Hello I have a question regarding distributed programming with callable mutable types and how they are handled by workers when used in a @distributed loop. In particular if I have an instance of a callable mutable type (or a mutable “functor” as mentioned in the docs) and a function that passes it into a distributed loop, each worker will receive a copy of the instance and the method tied to it on the function call. Now if I call the function again and pass the same instance of the struct to it (after potentially mutating the values contained within), will a new instance be copied over to each worker, as well as a new function definition or will the old ones passed in the previous call be updated? In other words will my workers have two copies of the object or just one? The situation I described would be the following:
using Distributed
addprocs(9)
@everywhere mutable struct myStruct
x::Array{Float64}
end
@everywhere (S::myStruct)(i::Int) = S.x[i] + 1
function addone_distributed(s:myStruct)
@distributed for i=1:9
ans = s(i)
end
end
sinst = myStruct(zeros(3,3))
addone_distributed(sinst)
sinst.x = ones(3,3)
addone_distributed(sinst)
I’m a little unsure how to check all the variables that exist in the namespace of worker threads, so any help is much appreciated.
@distributed does not create global bindings for you automatically, so everytime @distributed is called, it serializes a copy of s to each worker, and that is what will be operated on.
If you want a single myStruct object per-worker, you’ll need to do something like @everywhere const s = myStruct(zeros(3,3)), and then do something like global s; ans = s(i) in your @distributed loop.
Alternatively, if you don’t want to deal with these annoying remote global-bindings that Distributed encourages you to use, you can use Dagger and do s = Dagger.@shard myStruct(zeros(3,3)) to create a myStruct everywhere, and then operate on it asynchronously. We don’t have an equivalent to @distributed, but you can quite easily write your own.

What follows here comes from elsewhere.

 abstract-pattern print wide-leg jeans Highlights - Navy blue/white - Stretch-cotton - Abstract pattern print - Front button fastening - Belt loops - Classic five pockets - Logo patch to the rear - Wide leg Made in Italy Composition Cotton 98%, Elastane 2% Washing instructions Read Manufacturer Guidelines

Thanks for the response, that definitely gives me some insight into how @distributed is working on the backend. As a follow up question, would this be the case for other variables defined within the loop, i.e. would multiple calls of the addone_distributed function where lets say an array is defined in the loop result in multiple arrays getting serialized and pushed to the workers? Could I expect the Garbage Collector to clean up these objects defined in the loop on the workers after the call is finished?

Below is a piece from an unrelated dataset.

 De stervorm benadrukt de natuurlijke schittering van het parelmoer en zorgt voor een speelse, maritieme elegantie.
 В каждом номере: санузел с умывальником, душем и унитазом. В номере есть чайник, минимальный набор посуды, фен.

Thanks for the Dagger.jl suggestion though, my problems are all arising in the context of a program running computations on very high-dimensional matrices on an HPC and it seems like we’re running into a number of issues with global variables and lack of garbage collection. It looks like tasks like my own are one which Dagger.jl had in mind when it was designed
If the arrays are defined within the @distributed loop, they will be allocated directly on the workers (thus, not serialized to the workers), so you will be creating new arrays that the GC (Garbage Collector) will later clear up, assuming you do not keep a reference to those arrays somewhere else.
Feel free to reach out directly or start another Discourse thread to discuss how Dagger might be able to help you solve this problem - probably Dagger’s DArray would be what you want to use, but we’ll have to see how it behaves with higher-dimensional arrays.